*Aim of the task:*
Write each line of the material exactly as given, from the top through the line that contains "Graafinen seinäjuliste, jossa", and omit all pictures.
● ● ● ● ●
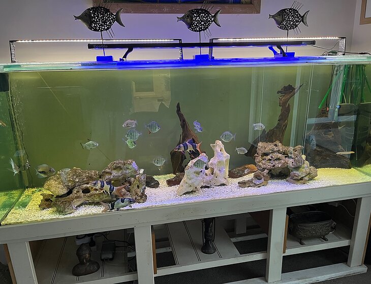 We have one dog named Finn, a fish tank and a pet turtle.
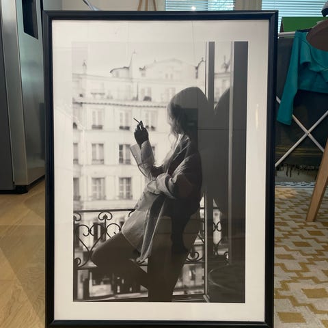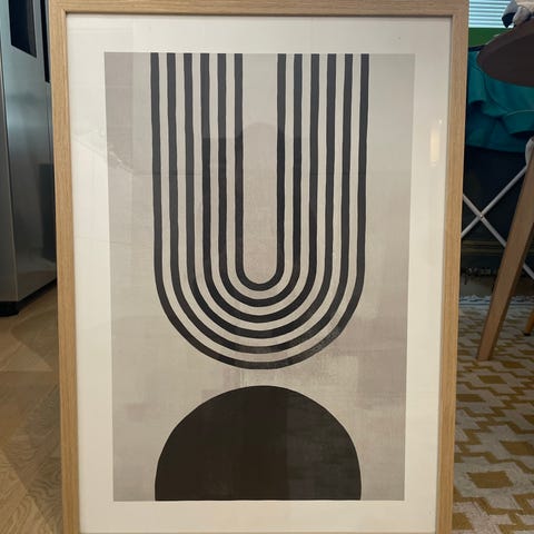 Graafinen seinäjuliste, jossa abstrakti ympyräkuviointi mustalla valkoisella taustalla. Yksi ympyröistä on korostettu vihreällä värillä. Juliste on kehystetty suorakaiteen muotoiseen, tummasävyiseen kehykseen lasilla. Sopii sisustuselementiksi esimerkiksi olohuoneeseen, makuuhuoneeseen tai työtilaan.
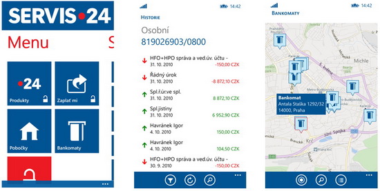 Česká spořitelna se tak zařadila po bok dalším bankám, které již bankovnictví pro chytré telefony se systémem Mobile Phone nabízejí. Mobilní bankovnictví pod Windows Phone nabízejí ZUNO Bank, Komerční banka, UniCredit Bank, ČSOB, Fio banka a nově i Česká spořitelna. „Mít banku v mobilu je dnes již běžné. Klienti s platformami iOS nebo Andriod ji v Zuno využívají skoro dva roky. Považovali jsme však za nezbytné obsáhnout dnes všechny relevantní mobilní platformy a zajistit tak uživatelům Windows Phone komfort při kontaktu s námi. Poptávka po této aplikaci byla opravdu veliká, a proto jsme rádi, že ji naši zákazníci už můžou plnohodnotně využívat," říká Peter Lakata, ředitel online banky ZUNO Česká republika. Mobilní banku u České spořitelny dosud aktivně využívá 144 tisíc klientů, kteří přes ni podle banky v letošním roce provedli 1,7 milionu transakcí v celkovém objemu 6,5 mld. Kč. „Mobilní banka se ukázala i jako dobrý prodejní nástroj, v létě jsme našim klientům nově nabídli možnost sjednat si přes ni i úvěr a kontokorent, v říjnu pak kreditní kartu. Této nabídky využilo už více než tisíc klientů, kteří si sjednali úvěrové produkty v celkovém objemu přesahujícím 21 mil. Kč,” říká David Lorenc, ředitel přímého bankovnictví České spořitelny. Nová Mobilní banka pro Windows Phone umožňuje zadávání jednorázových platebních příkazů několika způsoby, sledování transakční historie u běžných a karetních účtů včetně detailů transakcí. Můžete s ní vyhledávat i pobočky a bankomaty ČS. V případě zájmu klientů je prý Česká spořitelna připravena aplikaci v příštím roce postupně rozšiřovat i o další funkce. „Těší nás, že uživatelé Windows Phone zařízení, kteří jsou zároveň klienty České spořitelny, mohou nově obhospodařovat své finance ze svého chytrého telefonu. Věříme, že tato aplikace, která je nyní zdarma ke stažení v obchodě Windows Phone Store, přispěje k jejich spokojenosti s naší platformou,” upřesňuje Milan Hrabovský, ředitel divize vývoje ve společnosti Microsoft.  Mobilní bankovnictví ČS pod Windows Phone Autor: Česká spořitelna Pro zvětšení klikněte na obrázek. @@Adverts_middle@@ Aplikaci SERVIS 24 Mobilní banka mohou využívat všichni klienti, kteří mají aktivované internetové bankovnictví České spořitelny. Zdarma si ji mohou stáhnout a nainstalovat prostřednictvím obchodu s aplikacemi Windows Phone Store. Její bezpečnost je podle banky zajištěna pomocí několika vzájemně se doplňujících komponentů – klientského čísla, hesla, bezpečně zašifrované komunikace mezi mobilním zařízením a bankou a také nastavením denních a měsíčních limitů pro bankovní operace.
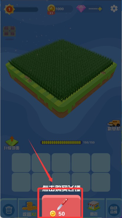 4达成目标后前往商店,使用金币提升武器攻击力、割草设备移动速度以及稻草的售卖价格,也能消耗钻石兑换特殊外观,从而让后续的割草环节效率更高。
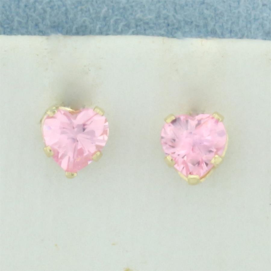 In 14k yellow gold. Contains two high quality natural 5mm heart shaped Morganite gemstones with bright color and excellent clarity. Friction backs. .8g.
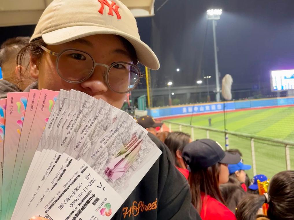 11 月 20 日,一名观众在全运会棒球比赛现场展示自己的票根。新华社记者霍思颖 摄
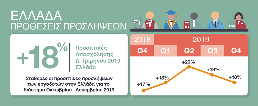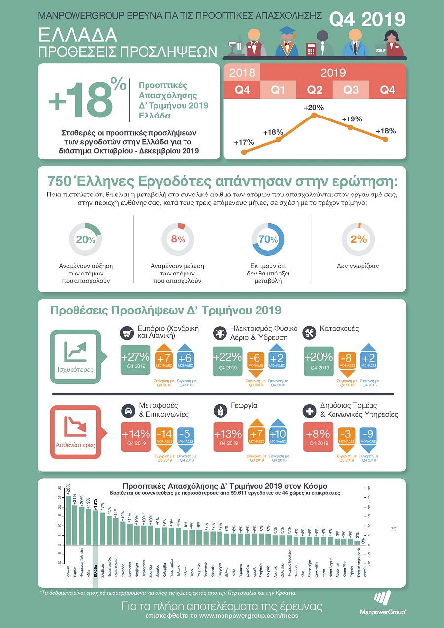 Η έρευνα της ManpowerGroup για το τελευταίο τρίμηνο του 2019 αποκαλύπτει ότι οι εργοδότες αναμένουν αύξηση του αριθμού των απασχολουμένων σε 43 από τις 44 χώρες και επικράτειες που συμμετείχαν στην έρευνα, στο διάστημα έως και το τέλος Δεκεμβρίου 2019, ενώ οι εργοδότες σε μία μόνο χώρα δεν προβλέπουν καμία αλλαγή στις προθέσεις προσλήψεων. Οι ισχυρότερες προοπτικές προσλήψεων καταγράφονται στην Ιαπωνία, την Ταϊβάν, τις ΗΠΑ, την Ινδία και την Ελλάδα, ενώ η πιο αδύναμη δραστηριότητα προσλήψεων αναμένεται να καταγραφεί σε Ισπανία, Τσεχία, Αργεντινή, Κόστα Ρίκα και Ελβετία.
● ● ● ● ●
*Your solution:*
 We have one dog named Finn, a fish tank and a pet turtle.
 Graafinen seinäjuliste, jossa abstrakti ympyräkuviointi mustalla valkoisella taustalla. Yksi ympyröistä on korostettu vihreällä värillä. Juliste on kehystetty suorakaiteen muotoiseen, tummasävyiseen kehykseen lasilla. Sopii sisustuselementiksi esimerkiksi olohuoneeseen, makuuhuoneeseen tai työtilaan.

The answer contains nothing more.